Nous allons étonner les gouvernements européens en leur apprenant une
chose, c'est que les crimes sont des crimes, c'est qu'il n'est pas
plus permis à un gouvernement qu'à un individu d'être un assassin,
c'est que l'Europe est solidaire, c'est que tout ce qui se fait en
Europe est fait par l'Europe, c'est que, s'il existe un gouvernement
bête fauve, il doit être traité en bête fauve; c'est qu'à l'heure
qu'il est, tout près de nous, là, sous nos yeux, on massacre, on
incendie, on pille, on extermine, on égorge les pères et les mères, on
vend les petites filles et les petits garçons; c'est que, les enfants
trop petits pour être vendus, on les fend en deux d'un coup de sabre;
c'est qu'on brûle les familles dans les maisons; c'est que telle
ville, Balak, par exemple, est réduite en quelques heures de neuf mille
habitants à treize cents; c'est que les cimetières sont encombrés de
plus de cadavres qu'on n'en peut enterrer, de sorte qu'aux vivants qui
leur ont envoyé le carnage, les morts renvoient la peste, ce qui est
bien fait; nous apprenons aux gouvernements d'Europe ceci, c'est qu'on
ouvre les femmes grosses pour leur tuer les enfants dans les entrailles,
c'est qu'il y a dans les places publiques des tas de squelettes de
femmes ayant la trace de l'éventrement, c'est que les chiens rongent
dans les rues le crâne des jeunes filles violées, c'est que tout cela
est horrible, c'est qu'il suffirait d'un geste des gouvernements
d'Europe pour l'empêcher, et que les sauvages qui commettent ces
forfaits sont effrayants, et que les civilisés qui les laissent
commettre sont épouvantables.
Le moment est venu d'élever la voix. L'indignation universelle se
soulève. Il y a des heures où la conscience humaine prend la parole et
donne aux gouvernements l'ordre de l'écouter.
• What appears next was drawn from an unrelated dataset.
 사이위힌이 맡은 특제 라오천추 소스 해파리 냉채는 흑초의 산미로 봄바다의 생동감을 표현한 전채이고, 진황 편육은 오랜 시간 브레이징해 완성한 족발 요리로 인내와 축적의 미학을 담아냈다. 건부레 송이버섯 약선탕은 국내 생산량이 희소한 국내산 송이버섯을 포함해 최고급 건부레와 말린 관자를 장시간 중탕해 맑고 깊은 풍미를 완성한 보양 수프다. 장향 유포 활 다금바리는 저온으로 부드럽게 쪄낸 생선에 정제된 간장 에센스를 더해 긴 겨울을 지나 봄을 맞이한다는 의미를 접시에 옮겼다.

Les gouvernements balbutient une réponse. Ils ont déjà essayé ce
bégaiement. Ils disent: on exagère.
Oui, l'on exagère. Ce n'est pas en quelques heures que la ville de
Balak a été exterminée, c'est en quelques jours; on dit deux cents
villages brûlés, il n'y en a que quatrevingt-dix-neuf; ce que vous
appelez la peste n'est que le typhus; toutes les femmes n'ont pas été
violées, toutes les filles n'ont pas été vendues, quelques-unes ont
échappé. On a châtré des prisonniers, mais on leur a aussi coupé la
tête, ce qui amoindrit le fait; l'enfant qu'on dit avoir été jeté
d'une pique à l'autre n'a été, en réalité, mis qu'à la pointe d'une
bayonnette; où il y a une vous mettez deux, vous grossissez du double;
etc., etc., etc.
Et puis, pourquoi ce peuple s'est-il révolté? Pourquoi un troupeau
d'hommes ne se laisse-t-il pas posséder comme un troupeau de bêtes?
Pourquoi? ... etc.
Cette façon de pallier ajoute à l'horreur. Chicaner l'indignation
publique, rien de plus misérable. Les atténuations aggravent. C'est la
subtilité plaidant pour la barbarie. C'est Byzance excusant Stamboul.
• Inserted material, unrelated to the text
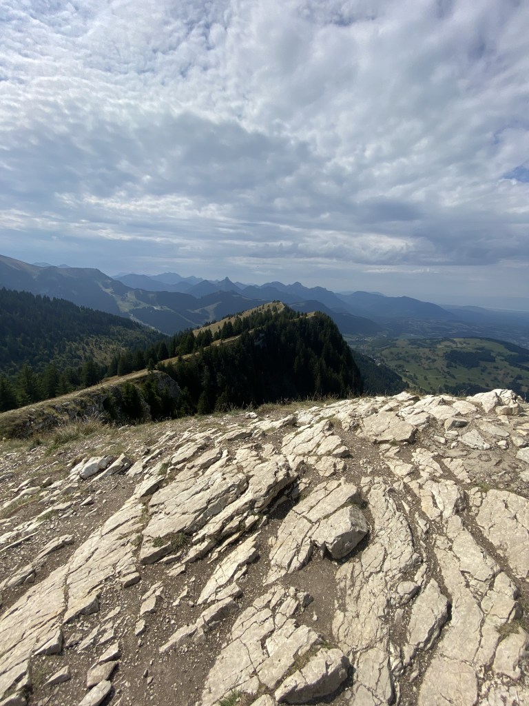 L’ascension jusqu’aux 1.600m de la montagne des Mémises est on ne peut plus simple par le télécabine. Le départ du GR n’est pas bien balisé, mais une fois découvert, le sentier ne nous demandera pas vraiment d’efforts intenses. Le plaisir ne viendra donc pas du niveau technique de la marche, mais de la magie des paysages. Nous sommes sur un escarpement de 1.200m en aplomb du lac, c’est absolument phénoménal.

Nommons les choses par leur nom. Tuer un homme au coin d'un bois qu'on
appelle la forêt de Bondy ou la forêt Noire est un crime; tuer un
peuple au coin de cet autre bois qu'on appelle la diplomatie est un
crime aussi.
Plus grand. Voilà tout.
Est-ce que le crime diminue en raison de son énormité? Hélas! c'est
en effet une vieille loi de l'histoire. Tuez six hommes, vous êtes
Troppmann; tuez-en six cent mille, vous êtes César. Être monstrueux,
c'est être acceptable. Preuves: la Saint-Barthélemy, bénie par Rome;
les dragonnades, glorifiées par Bossuet; le Deux-Décembre, salué par
l'Europe.
Mais il est temps qu'à la vieille loi succède la loi nouvelle; si
noire que soit la nuit, il faut bien que l'horizon finisse par
blanchir.
Oui, la nuit est noire; on en est à la résurrection des spectres;
après le Syllabus, voici le Koran; d'une Bible à l'autre on
fraternise; _jungamus dextras_; derrière le Saint-Siège se dresse la
Sublime Porte; on nous donne le choix des ténèbres; et, voyant que
Rome nous offrait son moyen âge, la Turquie a cru pouvoir nous offrir
le sien.
De là les choses qui se font en Serbie.
Où s'arrêtera-t-on?
Quand finira le martyre de cette héroïque petite nation?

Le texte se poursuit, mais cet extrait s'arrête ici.